Look through the data below for the line with "The models, typically" and the line with "Product DescriptionKnit beanie", then transcribe exactly from the first through the second, leaving out all pictures.

EXTRACTED DATA>
· · · · · · ·
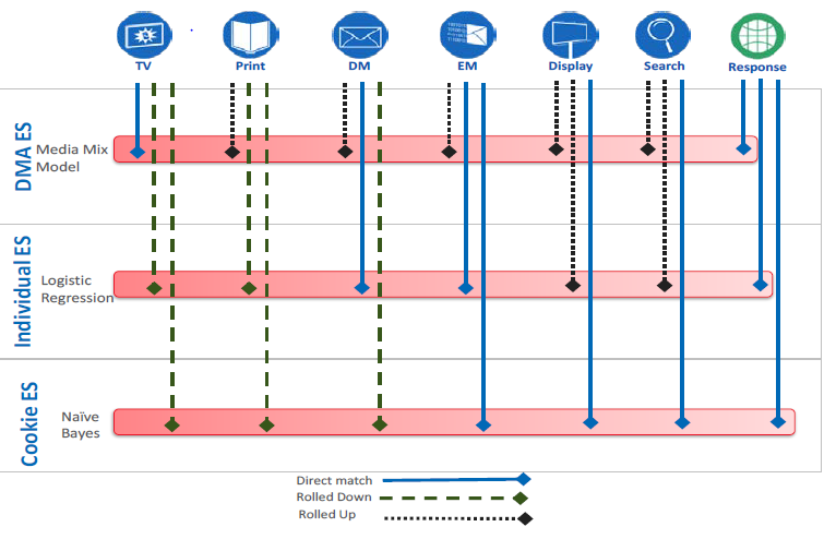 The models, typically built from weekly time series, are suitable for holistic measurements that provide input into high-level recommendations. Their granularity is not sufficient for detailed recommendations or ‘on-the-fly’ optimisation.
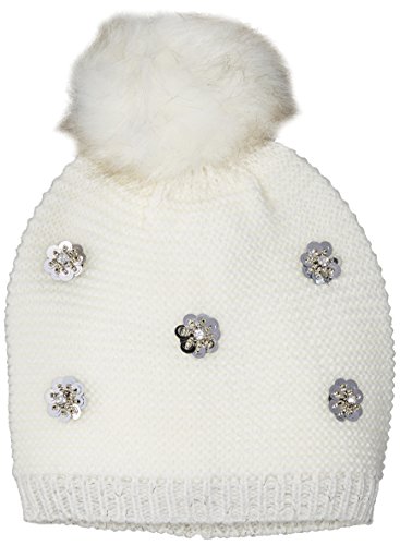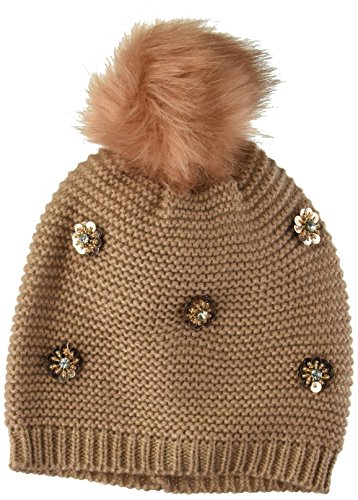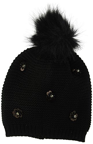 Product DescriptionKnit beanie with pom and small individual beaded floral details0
· · · · · · ·
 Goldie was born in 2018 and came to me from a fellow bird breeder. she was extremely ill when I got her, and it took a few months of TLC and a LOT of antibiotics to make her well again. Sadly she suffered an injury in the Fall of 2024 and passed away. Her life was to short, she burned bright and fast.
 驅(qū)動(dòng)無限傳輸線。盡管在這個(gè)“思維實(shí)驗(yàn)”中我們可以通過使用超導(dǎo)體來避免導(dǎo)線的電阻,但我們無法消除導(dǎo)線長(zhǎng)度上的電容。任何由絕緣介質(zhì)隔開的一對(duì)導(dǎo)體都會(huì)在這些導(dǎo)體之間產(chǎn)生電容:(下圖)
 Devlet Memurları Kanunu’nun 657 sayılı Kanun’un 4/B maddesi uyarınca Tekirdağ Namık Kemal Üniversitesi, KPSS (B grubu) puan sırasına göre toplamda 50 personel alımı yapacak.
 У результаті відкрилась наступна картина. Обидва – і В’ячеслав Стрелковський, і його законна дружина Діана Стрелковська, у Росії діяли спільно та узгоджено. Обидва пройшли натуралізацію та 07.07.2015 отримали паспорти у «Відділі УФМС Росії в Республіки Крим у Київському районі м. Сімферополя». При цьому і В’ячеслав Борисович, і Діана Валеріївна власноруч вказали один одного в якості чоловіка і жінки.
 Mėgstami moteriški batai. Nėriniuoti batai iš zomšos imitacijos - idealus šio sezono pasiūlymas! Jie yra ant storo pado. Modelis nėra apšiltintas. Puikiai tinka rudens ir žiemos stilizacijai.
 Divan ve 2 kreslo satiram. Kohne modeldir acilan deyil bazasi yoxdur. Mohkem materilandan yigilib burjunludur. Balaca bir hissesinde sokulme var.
· · · · · · ·
SOLVED PROBLEM>
 The models, typically built from weekly time series, are suitable for holistic measurements that provide input into high-level recommendations. Their granularity is not sufficient for detailed recommendations or ‘on-the-fly’ optimisation.
 Product DescriptionKnit beanie with pom and small individual beaded floral details0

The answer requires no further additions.